🤖 AI Summary
To address the safety-efficiency trade-off in mixed-autonomy traffic at roundabouts—where autonomous vehicles (AVs) coexist with human-driven vehicles—this paper proposes a conflict-free, zero-speed-loss decision-making framework. Methodologically, we introduce a novel hierarchical reinforcement learning architecture that integrates Kolmogorov–Arnold Networks (KANs) with an interpretable action review mechanism, synergistically combined with model predictive control (MPC) and dynamic path planning to jointly optimize collision avoidance and throughput. Unlike conventional RL approaches, our framework overcomes the longstanding challenge of balancing safety guarantees with real-time computational feasibility.
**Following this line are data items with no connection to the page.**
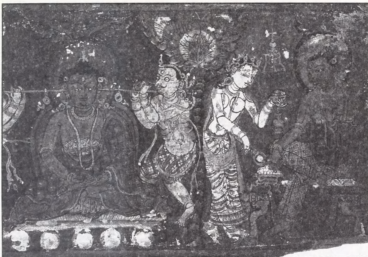
Bemalede dækplader af træ til nepalesisk håndskrift på sanskrit fra 1511. Illustrationerne gengiver scener fra betydningsfulde episoder i Buddhas liv.

læren og munkereglerne af indviede munke. Den egentlige indvielse ( upasampada ) fandt sted under højtidelige former, når novicen var 20 år gammel eller efter en prøvetid på mindst fire måneder.
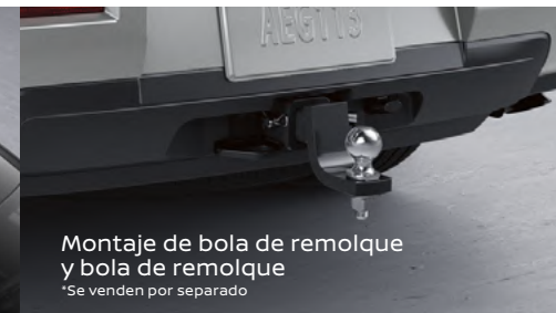
Montaje de bola de remolque y bola de remolque *Se venden por separado
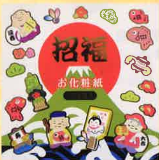
●T19-23 招福(白) 30枚綴 90×90mm ¥300
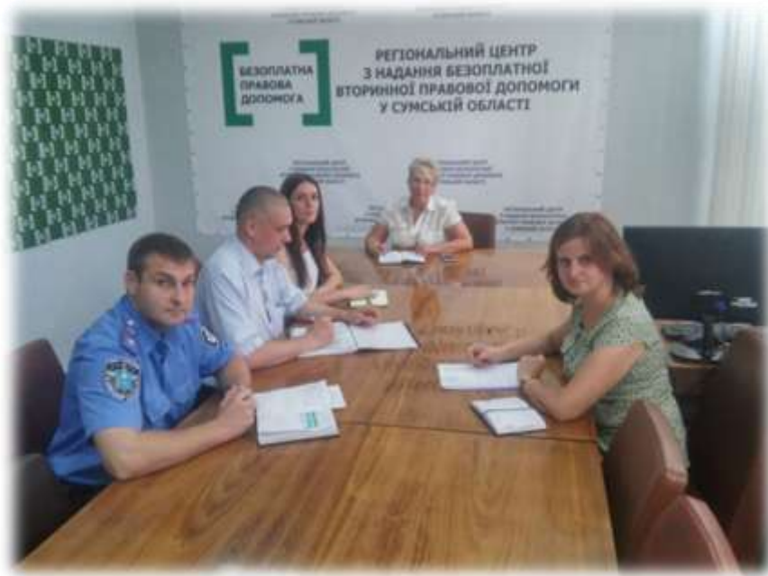
Робоча зустріч 03.08.2016 з представниками Головного управління Національної поліції України
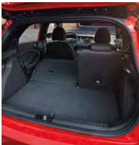
Sistem de rabatare scaune spate 60:40
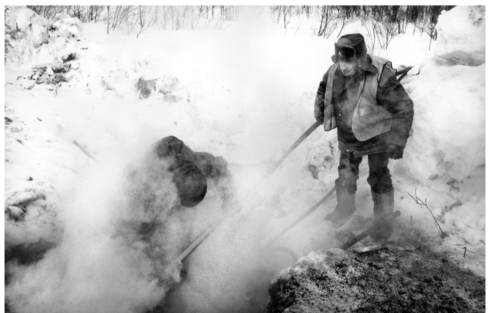
Парогенератор топит лёд у дороги на Североморск-3.
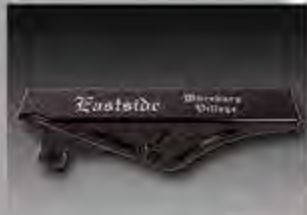
WV1010 MW8 ESC Alu Riemenschutz Softail
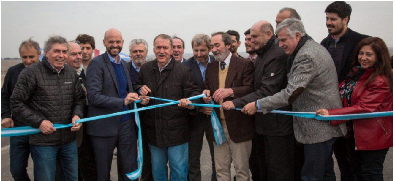
Foto de archivo de 2017, de la inauguración de la variante Elena, de la ruta 36.

la misma que recorrió De la Sota y lo llevó a su muerte. Dos años antes de terminar ese tramo, aportó para la campaña la importante suma de $150.000.
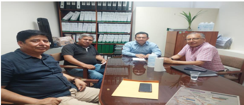
El equipo técnico de la Comisión Especial a favor del VRAEM, reunidos con el ex presidente de la AMUVRAE y su equipo técnico.

Extensive simulations across diverse traffic volumes demonstrate a 42% reduction in collision rate, a 19% decrease in average passage time, and stable reward convergence (variance < 0.03), significantly outperforming state-of-the-art methods.
📝 Abstract
Safety and efficiency are crucial for autonomous driving in roundabouts, especially in the context of mixed traffic where autonomous vehicles (AVs) and human-driven vehicles coexist. This paper introduces a learning-based algorithm tailored to foster safe and efficient driving behaviors across varying levels of traffic flows in roundabouts. The proposed algorithm employs a deep Q-learning network to effectively learn safe and efficient driving strategies in complex multi-vehicle roundabouts. Additionally, a KAN (Kolmogorov-Arnold network) enhances the AVs' ability to learn their surroundings robustly and precisely. An action inspector is integrated to replace dangerous actions to avoid collisions when the AV interacts with the environment, and a route planner is proposed to enhance the driving efficiency and safety of the AVs. Moreover, a model predictive control is adopted to ensure stability and precision of the driving actions. The results show that our proposed system consistently achieves safe and efficient driving whilst maintaining a stable training process, as evidenced by the smooth convergence of the reward function and the low variance in the training curves across various traffic flows. Compared to state-of-the-art benchmarks, the proposed algorithm achieves a lower number of collisions and reduced travel time to destination.